TALLAHASSEE, Fla. — Bobby Bowden isn’t sure what his emotions will be like Saturday when he steps on to the field that bears his name for the first time in nearly four years and hears 83,000 fans cheering for him.
But Florida State’s legendary football coach knows what will happen when he sees hundreds of his former players on the field to welcome him before the Seminoles’ game against North Carolina State.
“I get very emotional when I see my former players,” Bowden said. “I think I can handle the rest of it.”
Bowden won 377 games in his college coaching career, including 316 from 1976-2009 as Florida State’s coach. No coach in major college football won more games than Bowden, who guided the Seminoles to national titles in 1993 and ’99 as well as enjoyed an unprecedented run of 14 straight years (1987-2000) of top-4 finishes in the Associated Press poll.
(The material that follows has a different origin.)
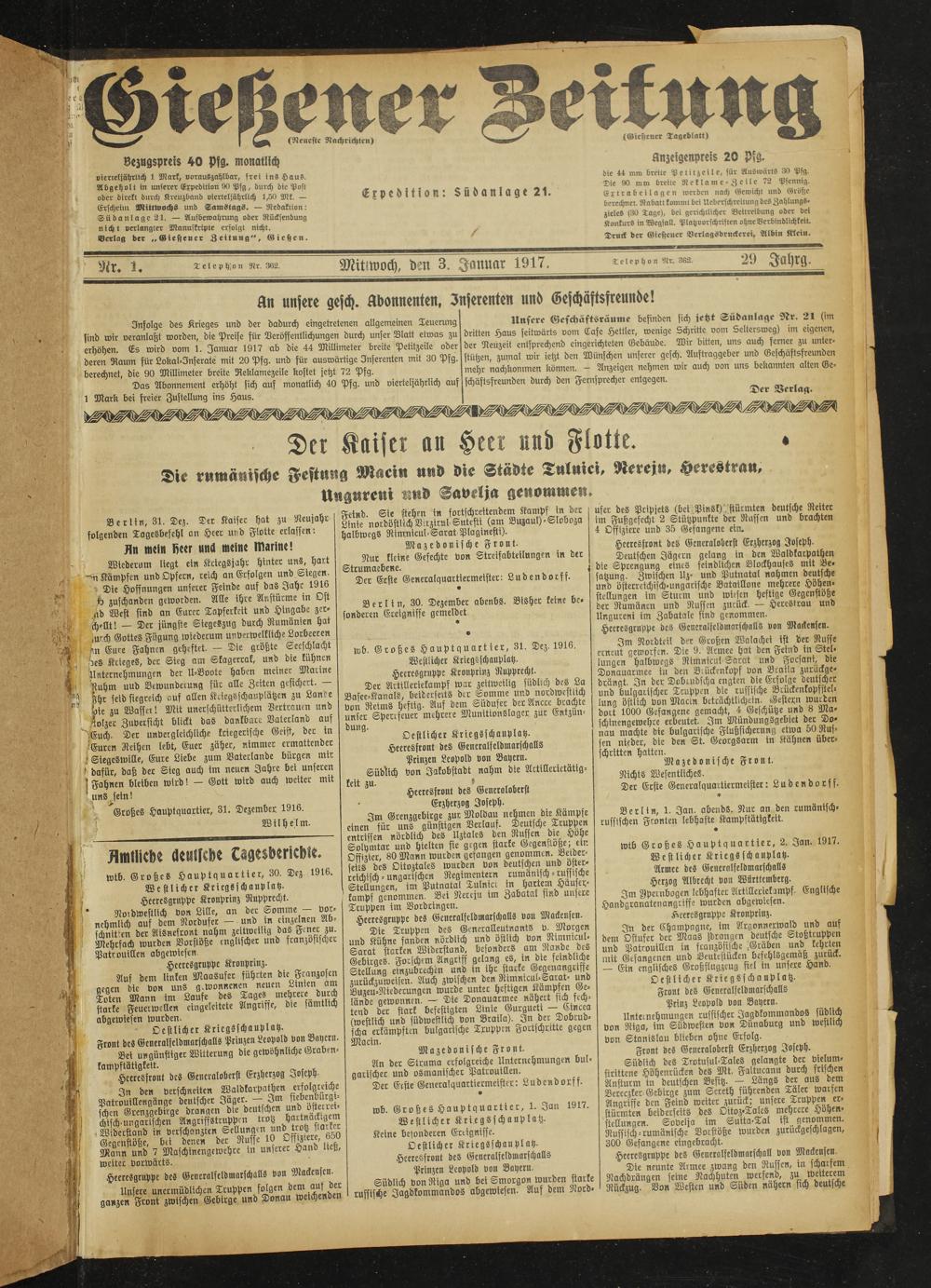 Gießener Zeitung. 1914-1918

The program was in decline late in the 2000s, and Bowden was forced into retirement after the 2009 season. He was bitter about the decision, which was made by president T.K. Wetherell, once a former Florida State player in the 1960s who was coached by Bowden (then a Seminoles assistant coach).
But Wetherell retired soon after Bowden’s last game, a 33-21 win over West Virginia in the 2010 Gator Bowl. And Bowden vowed to keep his distance from his successor, Jimbo Fisher, and let him put his mark on the program. Fisher said he learned from coaching on Bowden’s staff from 2007-09.
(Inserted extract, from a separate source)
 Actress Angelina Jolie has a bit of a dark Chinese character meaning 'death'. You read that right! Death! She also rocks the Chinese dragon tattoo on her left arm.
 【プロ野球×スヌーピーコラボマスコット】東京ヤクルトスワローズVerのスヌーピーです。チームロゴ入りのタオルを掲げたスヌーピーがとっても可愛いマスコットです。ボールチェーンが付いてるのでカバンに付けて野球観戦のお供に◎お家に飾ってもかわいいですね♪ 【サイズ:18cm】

“Coach Bowden was himself; he didn’t try to be anybody,” Fisher said. “He was himself and he treated people well. Kids loved him — he was tough on them. What you don’t see, that guy was tougher than you give him credit for. Extremely hard-nosed and tough and you don’t realize it. But, the way he conducts himself, he was a great example to watch.”
On Saturday, Bowden will walk into Doak Campbell Stadium and step on to Bobby Bowden Field for the first time since the 2009 season. Bowden will be honored at a pregame ceremony before the 3:30 p.m. kickoff with about 300 former players alongside him. And instead of Chief Osceola riding in on Renegade to plant the flaming spear at midfield before the game, Bowden will do the honors.
“I appreciate what they’re doing and I’m looking forward to it,” Bowden said.
Florida State also has planned a busy Friday of activities for Bowden. He will take part in a golf tournament in the morning with fans and boosters. And at night, a banquet will be held in his honor at the Donald L. Tucker Center.
Bowden will turn 84 on Nov. 8, but he isn’t slowing down. And Florida State fans will be seeing much more of Bowden the next few years. He has accepted a two-year deal, beginning in January 2014, to be a fundraiser for Seminole Boosters, Inc. Bowden will earn $250,000 annually to travel around the state and speak to fans and boosters.
Bowden has remained close to college football the past few years. He has traveled to see sons Terry and Jeff coach Akron. And he has criss-crossed the country speaking to student-athletes about faith and football.
He is always watching football on Saturdays. Last week, he was home watching Florida State rout Clemson 51-14.
“I watched every bit of it,” Bowden said. “I was amazed. I played up there so many times and the crowd has been so effective. I was afraid it would affect FSU too much. I was really proud of the way they played. I don’t think they could have played better. …
“If they keep playing like they did Saturday, I don’t know who will beat them.”
Bowden has coached some talented quarterbacks, including Heisman Trophy winners Charlie Ward and Chris Weinke. In the 1990s, he also had future NFL quarterbacks like Danny Kanell, Casey Weldon and Brad Johnson.
So if anyone can appreciate quarterback play, it’s Bowden. And he’s impressed with how Jameis Winston has played in the first six games of his career. Winston has completed 71 percent of his passes for 1,885 yards and 20 touchdowns.
“He plays like a senior and he’s only a freshman,” Bowden said. “It’s very impressive. That’s probably the most impressive part, his poise and demeanor in a game.
“There are a lot of great passers in football and a lot of great players in football. But how many of them can handle the distractions and the emotions of a ballgame like he does? I don’t know if I’ve seen one.”
Bowden still maintains a ballot in the Legends Poll, and this week his top 3 were Alabama, Oregon and Florida State. But he cautioned that there is still half a season left and plenty of things will change.
College football is left with the BCS for one more year before a committee will pick the teams for a four-team playoff after the 2014 season. Bowden said he was not contacted about joining the committee and said he would have declined the offer because of his bias toward Florida State and his love for Alabama (he was born and raised in Birmingham).
Bowden said he prefers the BCS setup but understands that college football is evolving.
“I like the BCS,” Bowden said. “They always got it right. They always got 1 vs. 2. Nobody cares about 3 and 4. They don’t care about 2 after they lose. I like the BCS because I’m old-fashioned. The new one (playoff) you have complaints already of who is on the committee. I don’t know how that’s going to come out.”